→ **Problem to solve**
Word for word, reproduce all of the entries shown below.

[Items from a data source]
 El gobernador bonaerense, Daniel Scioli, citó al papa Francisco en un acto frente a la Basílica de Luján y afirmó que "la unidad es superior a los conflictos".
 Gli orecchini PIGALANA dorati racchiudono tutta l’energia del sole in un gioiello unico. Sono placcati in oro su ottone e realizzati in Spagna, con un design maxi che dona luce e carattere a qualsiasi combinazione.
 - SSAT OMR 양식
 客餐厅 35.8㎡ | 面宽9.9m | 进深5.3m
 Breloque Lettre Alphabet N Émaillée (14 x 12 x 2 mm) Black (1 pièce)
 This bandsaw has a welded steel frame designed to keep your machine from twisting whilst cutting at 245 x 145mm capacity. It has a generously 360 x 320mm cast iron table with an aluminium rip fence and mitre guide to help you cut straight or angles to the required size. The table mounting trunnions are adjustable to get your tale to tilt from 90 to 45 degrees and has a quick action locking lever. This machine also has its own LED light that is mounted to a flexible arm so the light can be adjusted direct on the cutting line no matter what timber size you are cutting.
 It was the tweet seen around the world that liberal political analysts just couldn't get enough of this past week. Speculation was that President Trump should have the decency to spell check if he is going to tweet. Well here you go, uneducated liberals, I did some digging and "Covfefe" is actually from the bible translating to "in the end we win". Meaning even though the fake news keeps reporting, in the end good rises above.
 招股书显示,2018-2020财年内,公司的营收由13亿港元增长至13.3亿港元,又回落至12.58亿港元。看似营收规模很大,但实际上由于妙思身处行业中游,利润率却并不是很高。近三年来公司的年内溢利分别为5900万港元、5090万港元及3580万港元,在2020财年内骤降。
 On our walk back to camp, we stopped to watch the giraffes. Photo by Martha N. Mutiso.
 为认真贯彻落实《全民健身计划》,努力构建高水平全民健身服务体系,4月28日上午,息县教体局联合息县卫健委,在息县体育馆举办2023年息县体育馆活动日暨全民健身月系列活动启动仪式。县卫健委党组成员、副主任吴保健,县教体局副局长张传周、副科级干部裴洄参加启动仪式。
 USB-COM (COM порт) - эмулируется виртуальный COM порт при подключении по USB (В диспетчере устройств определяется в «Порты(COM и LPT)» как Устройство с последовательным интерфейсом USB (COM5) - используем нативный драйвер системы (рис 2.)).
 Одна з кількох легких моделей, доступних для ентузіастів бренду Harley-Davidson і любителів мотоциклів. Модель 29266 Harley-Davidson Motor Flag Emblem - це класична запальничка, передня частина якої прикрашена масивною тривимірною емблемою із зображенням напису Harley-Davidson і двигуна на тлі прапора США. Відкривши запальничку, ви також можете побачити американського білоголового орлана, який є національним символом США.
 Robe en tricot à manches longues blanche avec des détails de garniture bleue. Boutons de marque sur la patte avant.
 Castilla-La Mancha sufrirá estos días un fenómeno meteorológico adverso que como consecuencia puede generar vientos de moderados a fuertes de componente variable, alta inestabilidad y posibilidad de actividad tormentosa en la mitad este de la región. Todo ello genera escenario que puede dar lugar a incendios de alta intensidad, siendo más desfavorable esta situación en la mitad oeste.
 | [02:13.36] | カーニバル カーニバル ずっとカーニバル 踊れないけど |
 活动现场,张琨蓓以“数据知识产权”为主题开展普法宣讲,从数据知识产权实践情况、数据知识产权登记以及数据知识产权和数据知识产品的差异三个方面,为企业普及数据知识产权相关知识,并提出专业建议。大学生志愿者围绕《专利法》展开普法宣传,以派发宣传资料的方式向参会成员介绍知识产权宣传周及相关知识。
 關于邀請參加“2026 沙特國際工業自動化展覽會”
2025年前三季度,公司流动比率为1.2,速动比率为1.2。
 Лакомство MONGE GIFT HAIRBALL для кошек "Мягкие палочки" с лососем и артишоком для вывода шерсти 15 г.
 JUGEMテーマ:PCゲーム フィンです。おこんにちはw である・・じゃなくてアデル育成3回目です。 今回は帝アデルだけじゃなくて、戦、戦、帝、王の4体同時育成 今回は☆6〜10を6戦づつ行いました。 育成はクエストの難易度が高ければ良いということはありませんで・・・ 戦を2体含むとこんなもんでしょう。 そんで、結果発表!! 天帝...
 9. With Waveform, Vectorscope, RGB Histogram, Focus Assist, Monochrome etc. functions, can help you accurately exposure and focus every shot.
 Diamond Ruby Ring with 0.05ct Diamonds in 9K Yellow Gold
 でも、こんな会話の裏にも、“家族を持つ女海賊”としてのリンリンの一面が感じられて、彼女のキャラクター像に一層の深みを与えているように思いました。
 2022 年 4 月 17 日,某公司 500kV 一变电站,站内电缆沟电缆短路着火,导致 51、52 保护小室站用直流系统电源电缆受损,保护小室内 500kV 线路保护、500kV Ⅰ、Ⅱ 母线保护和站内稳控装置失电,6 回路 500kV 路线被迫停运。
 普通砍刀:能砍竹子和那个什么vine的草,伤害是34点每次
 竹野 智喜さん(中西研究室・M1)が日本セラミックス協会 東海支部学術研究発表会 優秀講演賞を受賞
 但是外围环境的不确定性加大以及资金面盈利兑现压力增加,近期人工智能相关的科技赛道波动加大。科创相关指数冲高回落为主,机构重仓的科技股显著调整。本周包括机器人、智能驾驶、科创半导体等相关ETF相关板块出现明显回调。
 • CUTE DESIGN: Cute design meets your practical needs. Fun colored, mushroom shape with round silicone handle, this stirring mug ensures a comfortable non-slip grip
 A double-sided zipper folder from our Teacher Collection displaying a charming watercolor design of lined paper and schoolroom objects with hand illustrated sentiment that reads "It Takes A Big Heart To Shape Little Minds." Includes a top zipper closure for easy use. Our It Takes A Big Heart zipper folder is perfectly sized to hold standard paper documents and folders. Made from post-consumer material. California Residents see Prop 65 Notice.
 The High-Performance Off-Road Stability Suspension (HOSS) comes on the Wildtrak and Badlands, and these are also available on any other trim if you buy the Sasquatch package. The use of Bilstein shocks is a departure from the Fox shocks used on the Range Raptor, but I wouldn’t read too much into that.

→ **Task solution**
 El gobernador bonaerense, Daniel Scioli, citó al papa Francisco en un acto frente a la Basílica de Luján y afirmó que "la unidad es superior a los conflictos".
 Gli orecchini PIGALANA dorati racchiudono tutta l’energia del sole in un gioiello unico. Sono placcati in oro su ottone e realizzati in Spagna, con un design maxi che dona luce e carattere a qualsiasi combinazione.
 - SSAT OMR 양식
 客餐厅 35.8㎡ | 面宽9.9m | 进深5.3m
 Breloque Lettre Alphabet N Émaillée (14 x 12 x 2 mm) Black (1 pièce)
 This bandsaw has a welded steel frame designed to keep your machine from twisting whilst cutting at 245 x 145mm capacity. It has a generously 360 x 320mm cast iron table with an aluminium rip fence and mitre guide to help you cut straight or angles to the required size. The table mounting trunnions are adjustable to get your tale to tilt from 90 to 45 degrees and has a quick action locking lever. This machine also has its own LED light that is mounted to a flexible arm so the light can be adjusted direct on the cutting line no matter what timber size you are cutting.
 It was the tweet seen around the world that liberal political analysts just couldn't get enough of this past week. Speculation was that President Trump should have the decency to spell check if he is going to tweet. Well here you go, uneducated liberals, I did some digging and "Covfefe" is actually from the bible translating to "in the end we win". Meaning even though the fake news keeps reporting, in the end good rises above.
 招股书显示,2018-2020财年内,公司的营收由13亿港元增长至13.3亿港元,又回落至12.58亿港元。看似营收规模很大,但实际上由于妙思身处行业中游,利润率却并不是很高。近三年来公司的年内溢利分别为5900万港元、5090万港元及3580万港元,在2020财年内骤降。
 On our walk back to camp, we stopped to watch the giraffes. Photo by Martha N. Mutiso.
 为认真贯彻落实《全民健身计划》,努力构建高水平全民健身服务体系,4月28日上午,息县教体局联合息县卫健委,在息县体育馆举办2023年息县体育馆活动日暨全民健身月系列活动启动仪式。县卫健委党组成员、副主任吴保健,县教体局副局长张传周、副科级干部裴洄参加启动仪式。
 USB-COM (COM порт) - эмулируется виртуальный COM порт при подключении по USB (В диспетчере устройств определяется в «Порты(COM и LPT)» как Устройство с последовательным интерфейсом USB (COM5) - используем нативный драйвер системы (рис 2.)).
 Одна з кількох легких моделей, доступних для ентузіастів бренду Harley-Davidson і любителів мотоциклів. Модель 29266 Harley-Davidson Motor Flag Emblem - це класична запальничка, передня частина якої прикрашена масивною тривимірною емблемою із зображенням напису Harley-Davidson і двигуна на тлі прапора США. Відкривши запальничку, ви також можете побачити американського білоголового орлана, який є національним символом США.
 Robe en tricot à manches longues blanche avec des détails de garniture bleue. Boutons de marque sur la patte avant.
 Castilla-La Mancha sufrirá estos días un fenómeno meteorológico adverso que como consecuencia puede generar vientos de moderados a fuertes de componente variable, alta inestabilidad y posibilidad de actividad tormentosa en la mitad este de la región. Todo ello genera escenario que puede dar lugar a incendios de alta intensidad, siendo más desfavorable esta situación en la mitad oeste.
 | [02:13.36] | カーニバル カーニバル ずっとカーニバル 踊れないけど |
 活动现场,张琨蓓以“数据知识产权”为主题开展普法宣讲,从数据知识产权实践情况、数据知识产权登记以及数据知识产权和数据知识产品的差异三个方面,为企业普及数据知识产权相关知识,并提出专业建议。大学生志愿者围绕《专利法》展开普法宣传,以派发宣传资料的方式向参会成员介绍知识产权宣传周及相关知识。
 關于邀請參加“2026 沙特國際工業自動化展覽會”
2025年前三季度,公司流动比率为1.2,速动比率为1.2。
 Лакомство MONGE GIFT HAIRBALL для кошек "Мягкие палочки" с лососем и артишоком для вывода шерсти 15 г.
 JUGEMテーマ:PCゲーム フィンです。おこんにちはw である・・じゃなくてアデル育成3回目です。 今回は帝アデルだけじゃなくて、戦、戦、帝、王の4体同時育成 今回は☆6〜10を6戦づつ行いました。 育成はクエストの難易度が高ければ良いということはありませんで・・・ 戦を2体含むとこんなもんでしょう。 そんで、結果発表!! 天帝...
 9. With Waveform, Vectorscope, RGB Histogram, Focus Assist, Monochrome etc. functions, can help you accurately exposure and focus every shot.
 Diamond Ruby Ring with 0.05ct Diamonds in 9K Yellow Gold
 でも、こんな会話の裏にも、“家族を持つ女海賊”としてのリンリンの一面が感じられて、彼女のキャラクター像に一層の深みを与えているように思いました。
 2022 年 4 月 17 日,某公司 500kV 一变电站,站内电缆沟电缆短路着火,导致 51、52 保护小室站用直流系统电源电缆受损,保护小室内 500kV 线路保护、500kV Ⅰ、Ⅱ 母线保护和站内稳控装置失电,6 回路 500kV 路线被迫停运。
 普通砍刀:能砍竹子和那个什么vine的草,伤害是34点每次
 竹野 智喜さん(中西研究室・M1)が日本セラミックス協会 東海支部学術研究発表会 優秀講演賞を受賞
 但是外围环境的不确定性加大以及资金面盈利兑现压力增加,近期人工智能相关的科技赛道波动加大。科创相关指数冲高回落为主,机构重仓的科技股显著调整。本周包括机器人、智能驾驶、科创半导体等相关ETF相关板块出现明显回调。
 • CUTE DESIGN: Cute design meets your practical needs. Fun colored, mushroom shape with round silicone handle, this stirring mug ensures a comfortable non-slip grip
 A double-sided zipper folder from our Teacher Collection displaying a charming watercolor design of lined paper and schoolroom objects with hand illustrated sentiment that reads "It Takes A Big Heart To Shape Little Minds." Includes a top zipper closure for easy use. Our It Takes A Big Heart zipper folder is perfectly sized to hold standard paper documents and folders. Made from post-consumer material. California Residents see Prop 65 Notice.
 The High-Performance Off-Road Stability Suspension (HOSS) comes on the Wildtrak and Badlands, and these are also available on any other trim if you buy the Sasquatch package. The use of Bilstein shocks is a departure from the Fox shocks used on the Range Raptor, but I wouldn’t read too much into that.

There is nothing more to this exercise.